The second method involves drilling holes into the ground using polyvinyl chloride (PVC) pipes and rubber hoses to pump chemicals into the earth, which also creates a leaching pond with similar problems. Additionally, PVC pipes are sometimes left in areas that are never cleaned up.

Both methods produce mountains of toxic waste, with high risk of environmental and health hazards. For every ton of rare earth produced, the mining process yields 13kg of dust, 9,600-12,000 cubic meters of waste gas, 75 cubic meters of wastewater, and one ton of radioactive residue. This stems from the fact that rare earth element ores have metals that, when mixed with leaching pond chemicals, contaminate air, water, and soil. Most worrying is that rare earth ores are often laced with radioactive thorium and uranium, which result in especially detrimental health effects. Overall, for every ton of rare earth, 2,000 tons of toxic waste are produced.

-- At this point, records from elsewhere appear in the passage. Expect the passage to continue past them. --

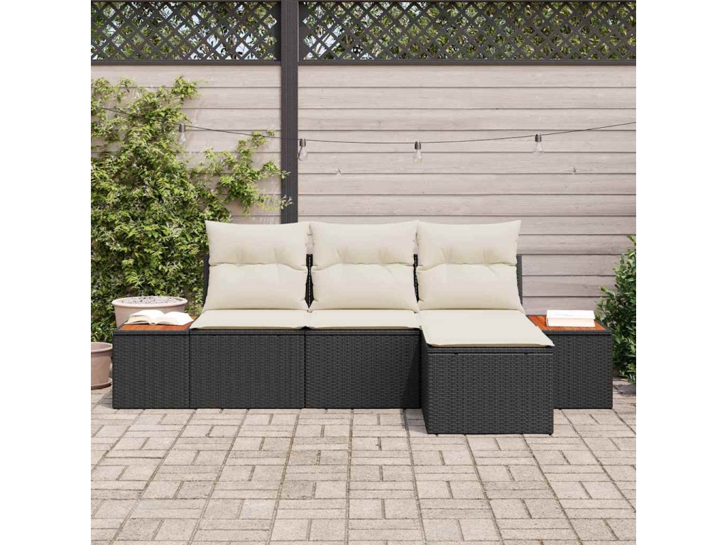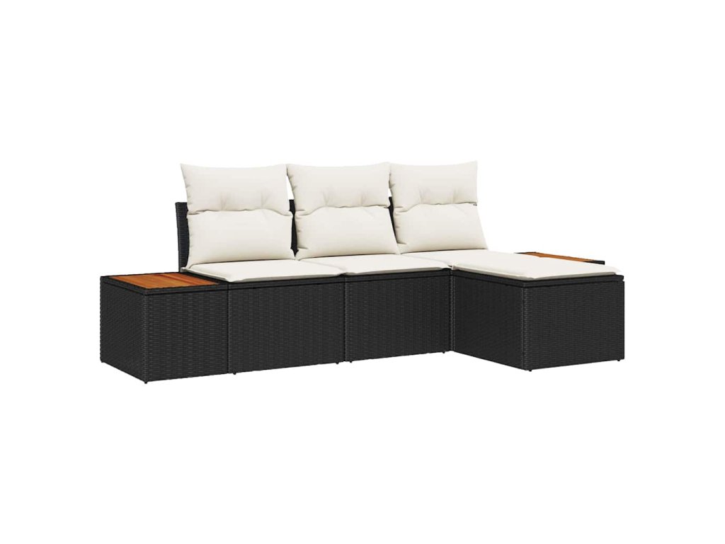 Sada zahradních pohovek s polštářem 4 pcs Černá polyratan 3348058
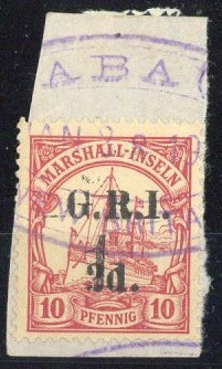 1915 (Jan.) on Marshall Islands, 1d. on 2d. on 10pf., affixed to small piece, neatly cancelled with Rabaul oval datestamp in violet, fine appearance. S.G. 63, £275.
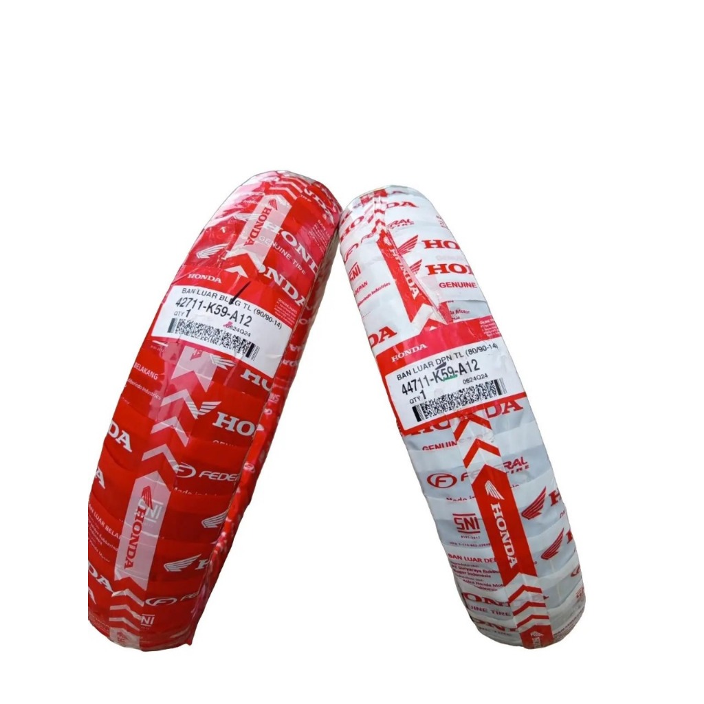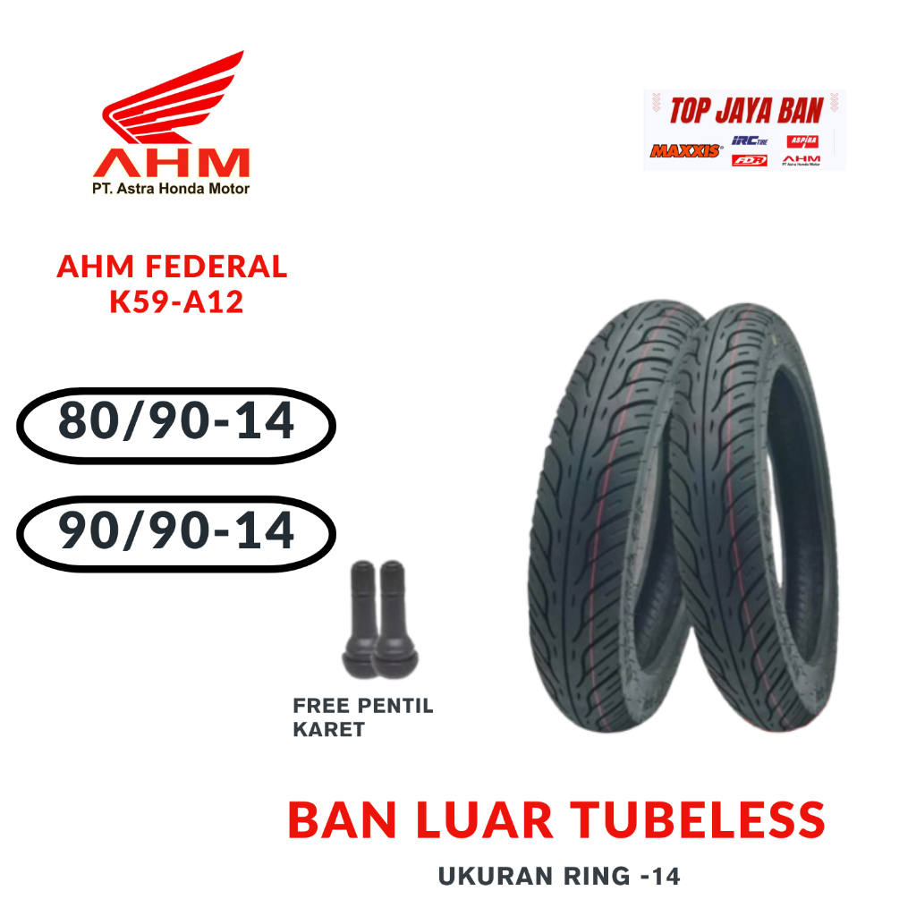 Ban Luar Motor AHM Federal K59-A12 80/90-14 dan 90/90-14 Ring 14 Tubeless Ban Depan Belakang Honda Asli Motorcycle
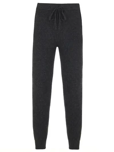 -Темно-серые трикотажные джоггеры из мягкого кашемира от MIR CASHMERE. -Модель облегающего силуэта с эластичным поясом на кулиске для выбора комфортной высоты посадки, прорезными карманами, манжетами в нижней части брючин.
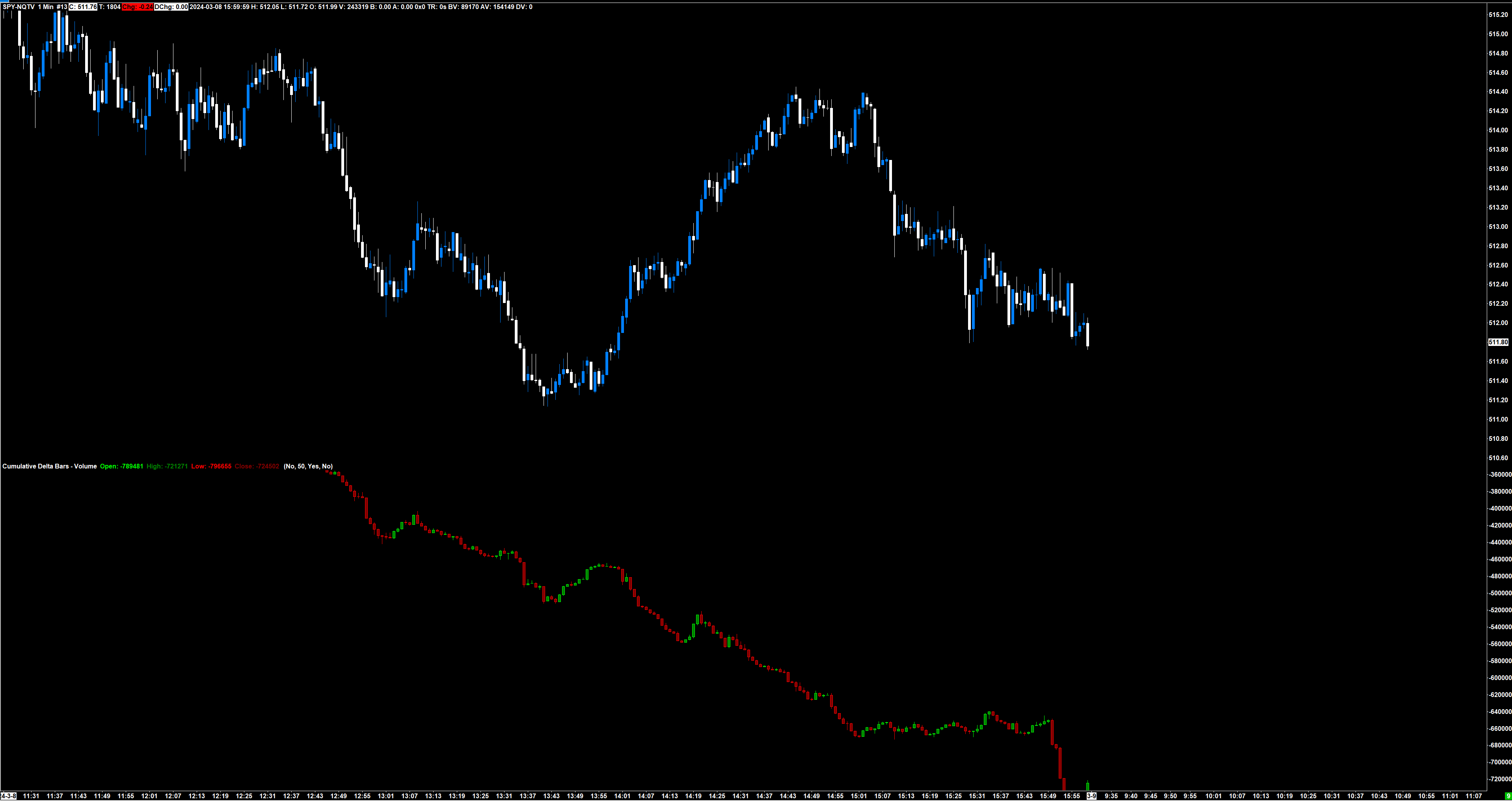 If there are more net sellers, net volume being done on the bid. First I thought the massive volume price divergence was weird. Because I knew ES was not going to look like that. I pulled up SPY on trading view and saw CVD, how I thought I would, trending upward with price, opposite to SC CVD. And TW CVD match up with volume, and volume matched up with candle stick color. So in SC on SPY consolidated tape I looked at Volume to CVD in SC and it didn't match up that well. Then I compared Volume study to Price candle stick color and that was 100% correct every green bar matched with every blue candle, and every red bar matched with every white candle. And I did the same for ES futures, every volume bar matched up with corresponding color, in this same time period that we are looking at spy. March 8th 2pm - 3pm EST. So Total volume is a combined ask + bid volume with no net difference calculation, and shows the larger volume side based on color, shouldn't that color match up with CVD and/or ask/bid volume difference bars, because those two studies show the predominate side, and momentum of buyers or sellers on a histogram or chart basis, matching the predominate color in volume study. EDIT* Someone pointed out to me that the Volume study... is not calculated from the predominate volume of bid + ask, and that it is calculated according to price Open/Close color change..... Nonetheless TW CVD is very different than SPY consolidate Tape. TW CVD makes more sense following the usual trend with price. Seeing a completely negative correlation between Price and CVD for over an hour. Is an anomaly. You won't see this happen in Futures and that's all I've been looking at. This is the first day that I've become aware of this on SPY Date Time Of Last Edit: 2024-03-11 02:44:45
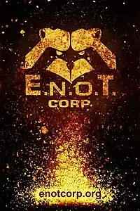 E.N.O.T. is an acronym of the organisation's full name, Russian: Единые народные общинные товарищества, romanized: Yedinyye narodnyye obshchinnyye tovarishchestva, lit.'United People's Communal Partnerships'. Enot (енот) is also Russian for racoon, the animal the group uses as a logo.[4]
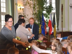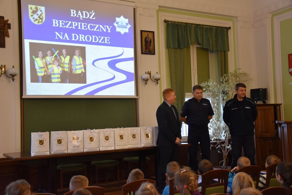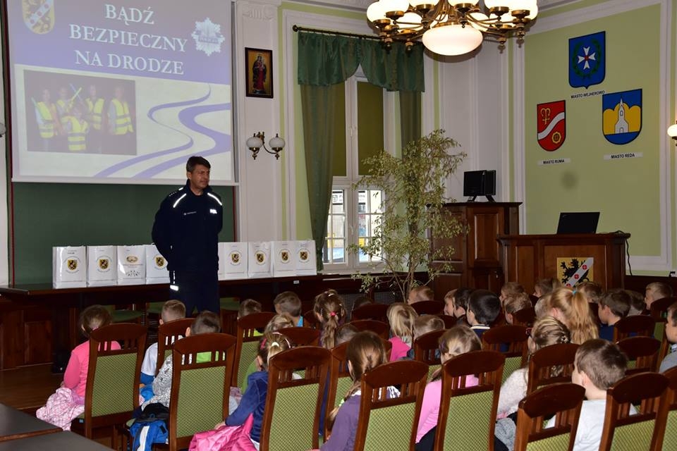 W sali narad Starostwa Powiatowego w Wejherowie odbyło się spotkanie profilaktyczne policjantów z Komendy Powiatowej Policji w Wejherowie z uczniami Szkoły Podstawowej nr 9. Podczas spotkania przedstawiciele starostwa przekazali na ręce funkcjonariuszy odblaski, które trafią do najmłodszych mieszkańców powiatu w trakcie pogadanek o bezpieczeństwie na drodze. Odblaskowe elementy noszone przy plecakach i odzieży zewnętrznej mają przyczynić się do poprawy widoczności pieszych, szczególne po zmroku.
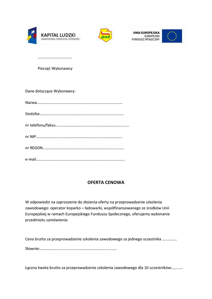 …………………………….. Pieczęć Wykonawcy Dane dotyczące Wykonawcy: Nazwa…………………………………………………………………………… Siedziba………………………………………………………………………….. nr telefonu/faksu………………………………………………………………… nr NIP……………………………………………………………………………. nr REGON……………………………………………………………………….. e-mail……………………………………………………………………………... OFERTA CENOWA W odpowiedzi na zaproszenie do złożenia oferty na przeprowadzenie szkolenia zawodowego: operator koparko – ładowarki, współfinansowanego ze środków Unii Europejskiej w ramach Europejskiego Funduszu Społecznego, oferujemy wykonanie przedmiotu zamówienia: Cena brutto za przeprowadzenie szkolenia zawodowego za jednego uczestnika …………… Słownie:…………………………………………………………………… Łączna kwota brutto za przeprowadzenie szkolenia zawodowego dla 10 uczestników:……….. Słownie:………………………………………………………………….. Oświadczamy, że zapoznaliśmy się z wymaganiami dotyczącymi szkolenia. Oferowana kwota zawiera wszystkie koszty niezbędne do realizacji zadania. W przypadku wybrania naszej oferty zobowiązujemy się do zawarcia umowy na warunkach, w miejscu i terminie określonym przez Zamawiającego. ……………..dnia………… …………………………………………… Imię, nazwisko, podpis osoby upoważnionej do składania oświadczenia woli
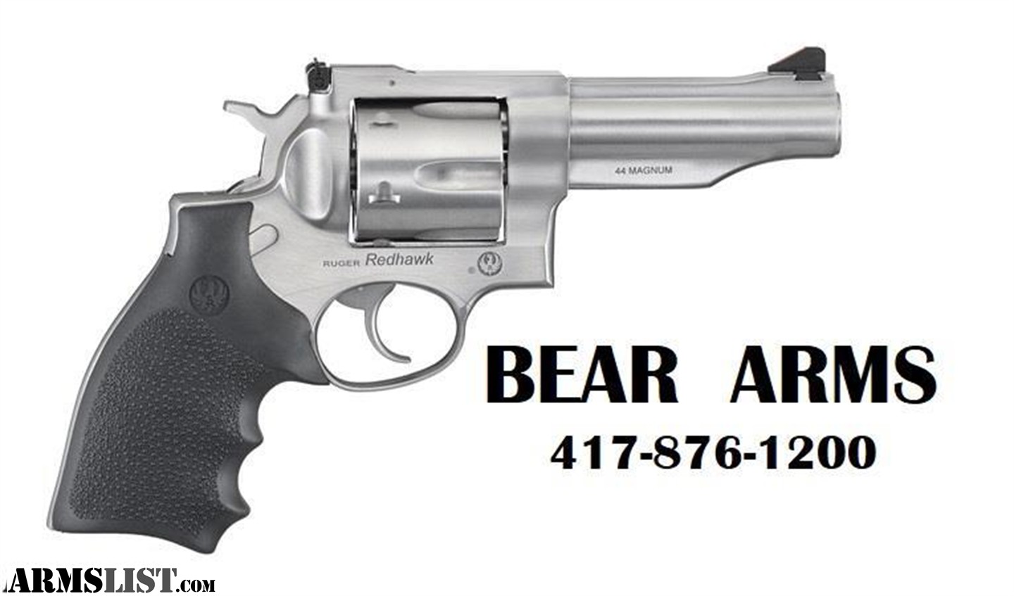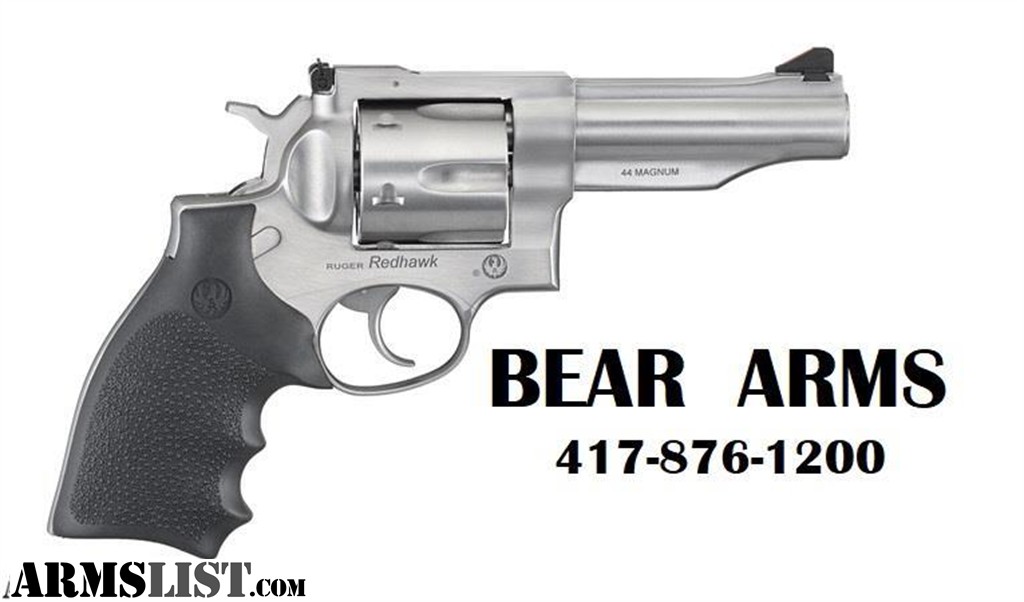 MANUFACTURER: Ruger FAMILY: Redhawk Series MODEL: Redhawk TYPE: Revolver ACTION: Double / Single Action CALIBER/GAUGE: 44 Magnum | 44 Special FINISH: Satin FINISH TYPE: Stainless Steel FRAME: Steel Frame STOCK/GRIPS: Rubber Grips BARREL: 4.2" OVERALL LENGTH: 9.5" RATE-OF-TWIST: 1-in-20 CAPACITY: 6 SIGHTS: FS: Ramp / RS: Adjustable SIGHT TYPE: Adjustable Sights WEIGHT: 47 oz. SHIPPING WEIGHT: 4.7 lbs. SAFETY FEATURES: Transfer Bar CASE: Plastic ADDL INFO: Barrel Sleeve and Shroud ADDL INFO: 11-Degree Target Crown MFG MODEL NO: 5044 BEAR ARMS 417-876-1200
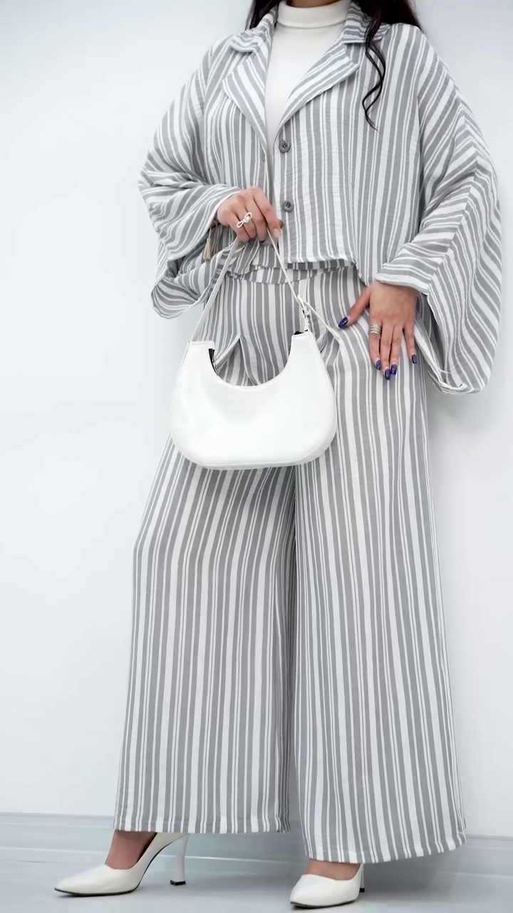 The trousers are high-waisted with a wide-leg cut, offering both comfort and sophistication. The vertical stripes enhance the lengthening effect, making the outfit visually slimming and elegant. A matching fabric belt cinches the waist, adding shape and refinement to the overall silhouette.
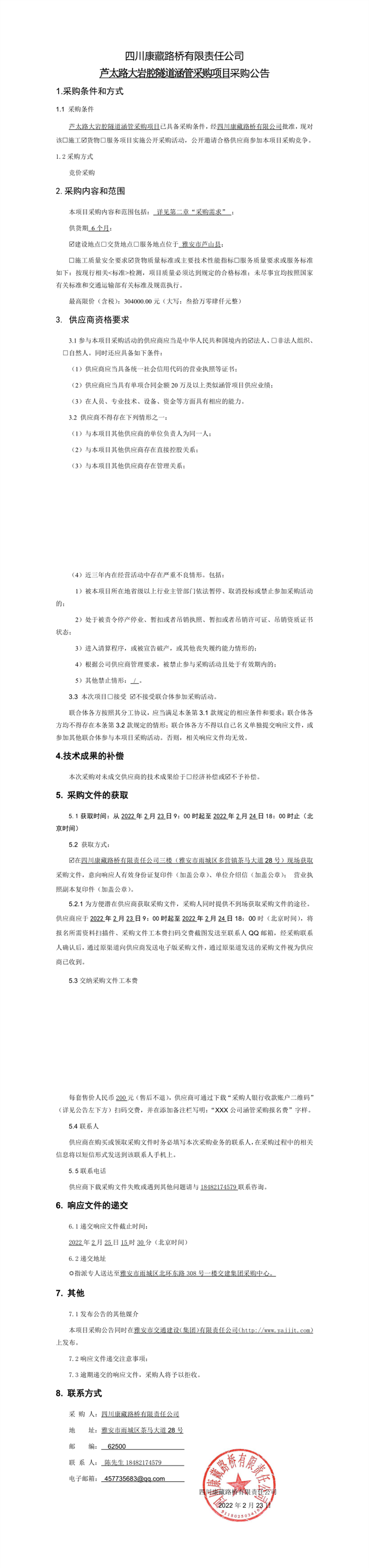 四川康藏路橋有限責(zé)任公司蘆太路大巖腔隧道涵管采購(gòu)項(xiàng)目采購(gòu)公告
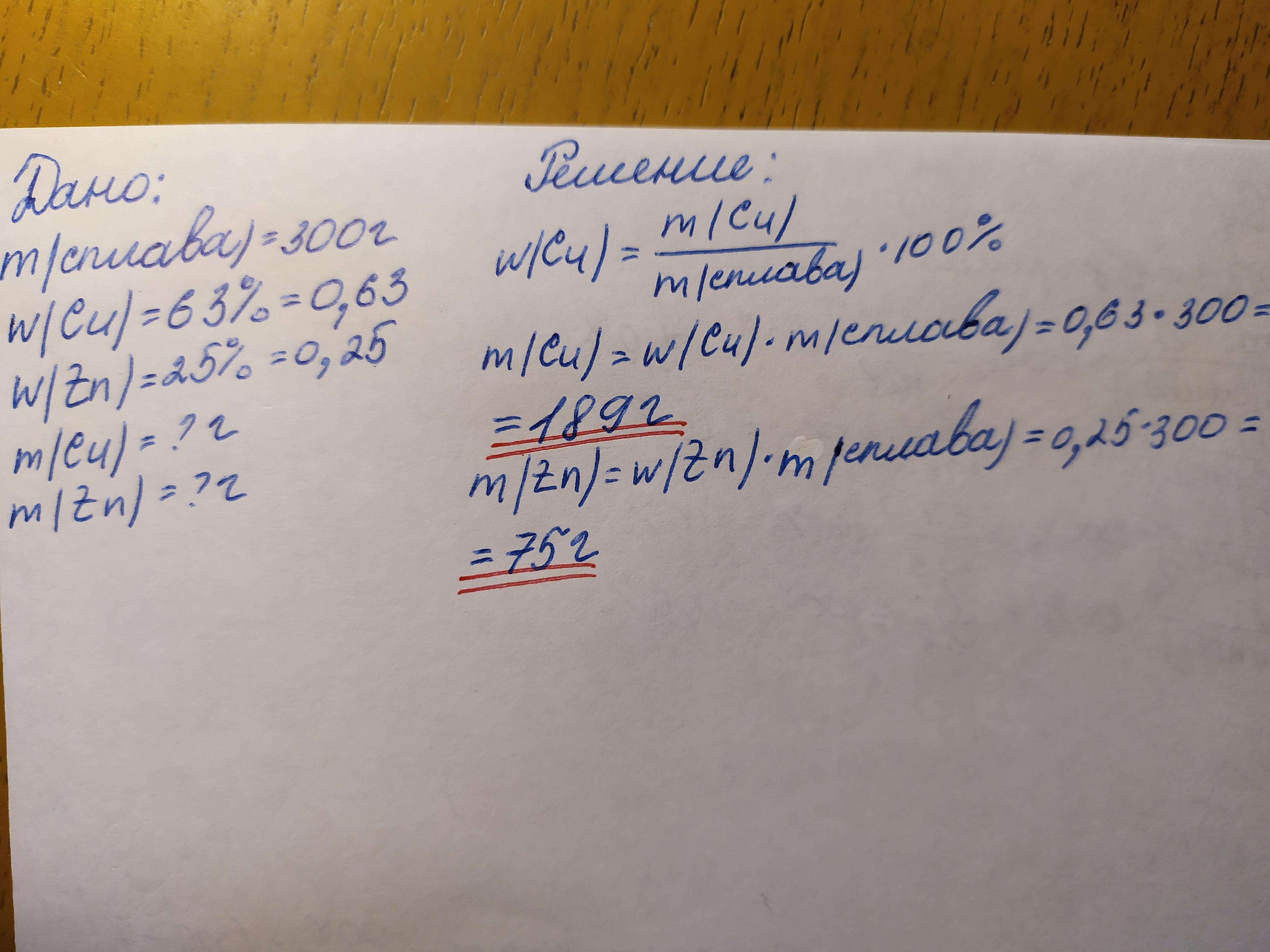 Рассчитайте массы меди и цинка в 300г образца латуни, содержащей 63% меди и 25% цинка.

China currently dominates the REE market, accounting for 85 percent of the global supply in 2016. Australia is the next largest producer contributing 10 percent of the market, yet barely making a dent in China’s monopoly. For comparison, in 2018 China produced 120,000 tons of REEs while the United States produced 15,000 tons. China has even used REEs as a tool to coerce other nations: in 2010, it blocked REE exports to Japan as punishment for Japan’s detention of a Chinese captain. More recently, it considered limiting REE exports to the United States in response to tariffs put in place by former US President Donald Trump, presenting a tremendous threat since the US defense industry relies heavily on these minerals. However, only 35 percent of the world’s REE reserves are in China, raising questions about how the country has been able to monopolize the industry.

China’s REE Empire

China was only able to establish such dominance over the REE industry in large part because of lax environmental regulations. Low cost, high pollution methods enabled China to outpace competitors and create a strong foothold in the international REE market. This market is now booming: China spiked its outputs for the first half of 2021 by more than 27 percent, hitting record levels of REE extraction as demand increases.

The most infamous mine in China is Bayan-Obo, the largest REE mine in the world. Even more infamous than the mine itself is the tailing pond it has produced: there are over 70,000 tons of radioactive thorium stored in the area. This has become a larger issue recently because the tailing pond lacks proper lining. As a result, its contents have been seeping into groundwater and will eventually hit the Yellow River, a key source of drinking water. Currently, the sludge is moving at a pace of 20-30 meters per year, a dangerously rapid rate.

There are plenty more examples of unsafe mines throughout China. The village of Lingbeizhen in the Southern Jiangxi province has leaching ponds and wastewater pools exposed to open air. It is easy to imagine toxic chemicals spilling into groundwater or waterways since they are left unmonitored and vulnerable to the whims of nature. In another mine, so much wastewater was created that China had to build a treatment facility to clean 40,000 tons of wastewater per day before letting the water flow back into the river.

Workers are also suffering from health complications due to exposure to these toxic chemicals. Worker safety is not prioritized or monitored in these mines, resulting in skin irritation and disruptions to their respiratory, nervous, and cardiovascular systems. Human rights abuses have been reported throughout mines in these areas as laborers are overworked and underpaid.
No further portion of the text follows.